Features making Dusk OS special

A whole OS built from source on boot

One thing that makes Dusk OS special is that it boots from a tiny kernel weighting less than 4 kilobytes. From this tiny core, on boot, it builds its way up, from source code, to a system that has a functional C compiler, which then allows it to bootstrap itself some more, from source code.

This peculiarity of Dusk OS has interesting properties. The nicest one, in my humble opinion, is that this allows us to sidestep the entire problems of binary compatibility and relocation and only deal with source compatibility. So, no ELF, no binutils, only code that is designed to run from where it was generated in the first place. This is so much simpler!
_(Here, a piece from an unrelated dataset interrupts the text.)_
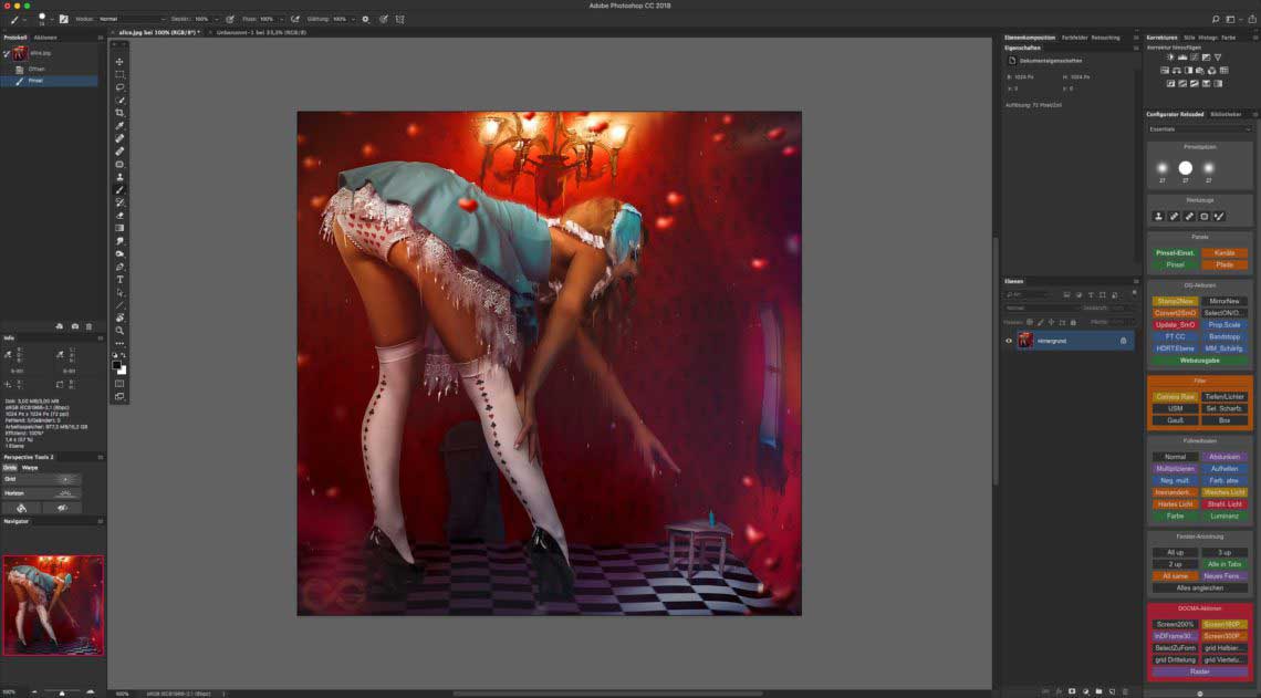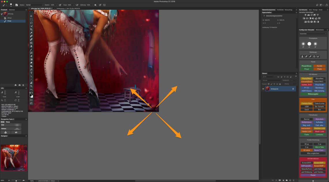 Am liebsten arbeite ich mit »Ansicht > Bildschirmmodus > Standardmodus« weil man dort über der Arbeitsfläche die Tabs aller geöffneten Dateien sieht und unten verschiedene Bildinformationen sieht beziehungsweise einblenden kann (Zoomstufe, Farbprofil, Ebenenanzahl und vieles mehr). Außerdem hat dieser Modus den Vorteil, dass man über »Strg/Cmd-0« ein geöffnetes Bild in die Fenstergröße einpassen kann, ohne dass Teile des Bildes – wie im Vollbildmodus mit Menüleiste – hinter den angedockten Paletten verschwinden. Unterbrechungsfrei arbeiten kann ich in diesem Modus aber nur bei aktivierter Option »Überscrollen«.

Object files? Global symbols? Nah. C functions are simple Forth words.

Harmonized Assembly Layer

Dusk features what we call the Harmonized Assembly Layer (HAL for short). This is a cross-CPU assembler, on which the C compiler relies, which prioritizes implementation and usage simplicity, but is also designed to generate efficient native code.

Shortest path to self-hosting for an "almost C" compiler

Dusk OS self-hosts in about 500 lines of assembly and a few hundred lines of Forth (the exact number depends on the target machine). From there, it bootstraps to DuskCC, which is roughly 1000 lines of Forth code. To my knowledge, Dusk OS is unique in that regard.
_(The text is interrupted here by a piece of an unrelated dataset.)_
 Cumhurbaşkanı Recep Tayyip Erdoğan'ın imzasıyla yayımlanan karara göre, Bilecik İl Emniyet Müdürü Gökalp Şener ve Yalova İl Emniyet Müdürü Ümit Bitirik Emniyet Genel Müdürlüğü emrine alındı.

You can pick any C compiler that requires POSIX and it will automatically require orders of magnitude more lines of code to bootstrap because you need that POSIX system in addition to the C compiler. So even if you pick a small C compiler such as tcc, you still need a POSIX system to build it, which is usually in the millions of LOCs.

To be fair, Dusk OS is not the first project thinking of optimizing that path. Efforts at making our modern software world bootstrappable lead to an "almost C", M2-Planet with a feature set comparable to DuskCC with very few lines of code. M2-Planet itself is about 5K lines of code and the various stages that lead to it are generally a few hundred lines each. The project initially ran on top of regular kernels (as in "fat kernels with lots of code"), but some bare metal stages (1, 2) were created and now this little chain end up being comparable to Dusk in terms of lines of code. Still more than Dusk, but in the same ballpark.

Although this path is short and technically leads you to an "almost C" compiler, you can hardly use it because it has no "real kernel" (those bare metal stages mentioned above are enough to compile M2-Planet, but really not much else, they're extremely limited) and no shell. You'll need those if you want to use your shiny compiler.

One of your best picks, should you try this path, would be Fiwix, a minimal POSIX i386 kernel weighting less than 50K lines of C+asm. But then, M2-Planet is not enough. You need to compile tcc (which M2-Planet can compile after having applied a few patches) which weights 80K. Userspace is worse. Bash+coreutils are 400K, even busybox is 190K. We still end up with a pretty minimal and simple system, but it's still a lot more code than Dusk.

So, unless someone tells me about some option I don't know about, DuskCC is quite innovative on the aspect of self-hosting path length.

Dusk OS is pretty fast

The code generated by Dusk OS holds pretty well to modern compilers with fancy optimizations and millions of lines of code.

In a Byte Sieve benchmark done on a i386 NetBSD system, the DuskCC version of the sieve is almost as fast as GCC's unoptimized build and the HAL's translation of the Sieve algorithm blows past GCC's unoptimized build to nearly reach the speed of GCC -O2!

And it gets better! HAL's design allows efficiency to naturally "bubble up" to higher level code with impressive results. For example, there's the "charcount" example which pits Dusk's rfind against POSIX's regex(3). For this particular and simple use case (count occurrences of characters range in a big file), Dusk is 15% faster than Debian bookworm amd64's regex(3) implementation.